I wg mnie to nie przez organizatora - jak to twierdzą niektórzy.
Ludzie zawiedli.
Połowa się nie pojawiła, część wgl olała sprawę, a inni tylko niepotrzebnie namieszali.
W starciu z nimi, nasza grupka, która chciała się postarać... cóż - nie mieliśmy szans.
Chodziłam wkurzona.
Aż trafiłam do Game Roomu.
Powiem wam, że pierwszy raz miałam w rękach pada od wii i jest śmieszny.
A granie nim w Tekkena jeszcze zabawniejsze.
Przy tym punkcie chcę się pochwalić, że Panowie nie chciali ze mną grać - zaraz po tym jak poprzegrywali rundy i rewanże.
Hue hue hue hue hue :3
To poprawło mi humor, ale potem i tak było do dupy.
Moja pelekcja nie odbyła się - sprzęt zawiódł, a ja nie mając już na to siły po prostu zebrałam swoje rzeczy i pojechałam do domu.
To na tyle by było.
Eris.
Trochę zaszło u nas zmian i kolejne się szykują.

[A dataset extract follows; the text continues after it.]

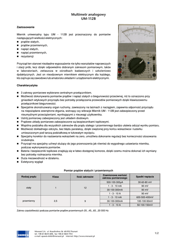 Multimetr analogowy UM-112B Zastosowanie Miernik uniwersalny typu UM - 112B jest przeznaczony do pomiarów następujących wielkości elektrycznych: n prądów stałych, n prądów przemiennych, n napięć stałych, n napięć przemiennych, n rezystancji Przyrząd ten stanowi niezbędne wyposażenie nie tylko warsztatów naprawczych i stacji prób, lecz dzięki odpowiednio dobranym zakresom pomiarowym, także w laboratoriach, zwłaszcza w ośrodkach badawczych i szkoleniowo dydaktycznych. Jest on nieodzownym miernikiem elektrycznym dla każdego, kto zajmuje się zawodowo lub amatorsko układami i urządzeniami elektrycznymi. Charakterystyka n 3 zakresy pomiarowe wybierane centralnym przełącznikiem. n Możliwość dokonywania pomiarów prądów i napięć stałych o biegunowości przeciwnej, niż to oznaczono przy n n n n n n n n n n gniazdach wtykowych przyrządu bez potrzeby przełączania przewodów pomiarowych dzięki klawiszowemu przełącznikowi biegunowości. Specjalnie skonstruowany organ ruchomy, zawieszony na taśmach z naciągiem, zapewnia odporność przyrządu na niepożądane zewnętrzne drgania, wstrząsy czy wibracje Miernik UM - 112B jest zabezpieczony przed nieumyślnymi przeciążeniami, wynikającymi z nieuwagi użytkownika. Ustrój pomiarowy zabezpieczony jest układem diodowym. Prądowe układy pomiarowe zabezpieczone są bezpiecznikami topikowymi. Wspólna podziałka dla wszystkich zakresów dla prądu stałego i przemiennego bardzo ułatwia odczyt wyniku pomiaru. Możliwość dokładnego odczytu, bez błędu paralaksy, dzięki zwężonej przy końcu wskazówce i lusterku umieszczonym pod tarczą podziałkową w łukowatym wycięciu. Specjalny korektor do nastawiania wskazówki na zero, umożliwia dokonanie regulacji bez konieczności stosowania śrubokręta. Przyrząd ma specjalny uchwyt służący do jego przenoszenia jak również do wygodnego ustawiania miemika, podczas wykonywania pomiarów. Bateria i bezpieczniki topikowe znajdują się w łatwo dostępnej komorze, dzięki czemu można dokonać ich wymiany bez potrzeby rozkręcania miernika. Duża niezawodność w działaniu. Estetyczny wygląd Pomiar prądów stałych i przemiennych Rodzaj prądu stały Klasa 1 przemienny 2,5 Ilość zakresów 12 9 Znamionowa wartość zakresu pomiarowego Spadki napięcia 500-100-300µA 30-60-80 mV 1 - 3 - 10 mA 90 mV 30-100-300mA 90 mV 1 - 3 - 10 A 90 mV 1 - 3 - 10 mA 600-500-400mV 30-100-300mA 100-100-50mV 1 - 3 - 10 A 50-100-150mV Zakres częstotliwości podczas pomiarów prądów przemiennych 20...45,..65...20 000 Hz Merazet S.A. ul. Krauthofera 36 60-952 Poznań tel. +48 61 8644 600, fax +48 61 8651 933 e-mail: [email protected] internet: http://www.merazet.pl 1/2 Multimetr UM-112B Pomiar napięć stałych Klasa Znamionowa wartość zakresu pomiarowego Ilość zakresów Rezystancja wewnętrzna 30-100-300 mV 1 1 - 3 - 10 V 10 20 kW/V 30-100-300 V 1000 V 1 MW Pomiar napięć przemiennych Klasa Ilość zakresów 2,5 Znamionowa wartość zakresu pomiarowego Rezystancja wewnętrzna Zakres częstotliwości 1V 100W 20...45...65...10 000 Hz 3V 1000W 10 V 7 30 V 1 kW/V 20...45...65...20 000 Hz 100-300 V 1000 V 20...45...65...2000 Hz Pomiar rezystancji Wartość rezystancji dla środka podz. Napięcie zasilania 0,01...0,4 kW 75 W 1,5 V 0,1...4 kW 750 W 1,5 V 0...200 kW 1 ...40 kW 7,5 kW 1,5 V 0...2 MW 10...400 kW 75 kW 10,5 V 0...20 MW 0,1...4 MW 7,5 kW 100,5 V Zakres wskazań Zakres pomiarowy 0...2 kW 0...20 kW Dane techniczne n Zasilanie układu omomierza - z baterii R-14 1,5 V i 6F22 9V Zakres 0...20 MW wymaga dodatkowego zewnętrznego źródła napięcia stałego 90 V. n Dokładność pomiaru rezystancji: n n n n n - w zakresie pomiarowym ±10% wartości wskazanej, - poza zakresem pomiarowym ±1,5% długości podziałki. Długość podziałki woltomierza i amperomierza - 100 mm Długość podziałki omomierza - 75 mm Napięcie probiercze izolacji - 3 kV Wymiary (dł. x szer. x wys.) - 186 x 134 x 67 mm Masa - ok. 0,9 kg Warunki eksploatacji o n Temperatura otoczenia: 0...23...40 C n Wilgotność względna powietrza: 25...40...60...80 % n Położenie pracy poziome Wyposażenie miernika n 2 przewody pomiarowe n Instrukcja obsługi n Karta gwarancyjna n 2 bezpieczniki topikowe n Opakowanie jednostkowe Merazet S.A. ul. Krauthofera 36 60-952 Poznań tel. +48 61 8644 600, fax +48 61 8651 933 e-mail: [email protected] internet: http://www.merazet.pl 2/2
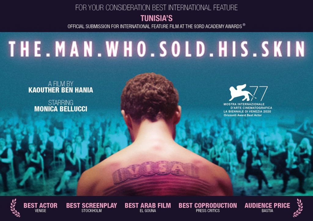 L’homme qui a vendu sa peau est un film multinational sorti en 2020. Le film avait été présenté en avant-première dans le cadre des Journées cinématographiques de Carthage (JCC) 2020. Il fut par la suite présenté dans la section Orizzonti de la Mostra de Venise en 2020, puis au Festival international du film indépendant de Bordeaux. Le 15 mars 2021, le film a ainsi été retenu parmi les cinq nominés pour l’Oscar du meilleur film international et entre donc dans l’histoire comme le premier film tunisien à concourir dans cette catégorie.

Na razie są to minimalne poprawki w makijażu, kolejne kolczyki no i nowy image.
Kończymy ze słodką gimbusiarą.
Trzeba w końcu dorosnąć.
Mam w planach dla niej nowego wiga - o ile znajdę taki, który mi się spodoba.
Chyba, że kupię kogoś innego - ale to wszystko jeszcze nie wiadomo.
Co do pewnych w 100% planach to od kilku tygodni miotam się.
Znalazłam cyfrówkę, która wpełni mi odpowiada i jest wręcz idealna do moich potrzeb.
Kosztuje 800 zł.
Jednak, patrząc dalej, to jeśli dołożę choćby 400 zł [czyli 1200] to będę miała fajną lustrzankę Nikona.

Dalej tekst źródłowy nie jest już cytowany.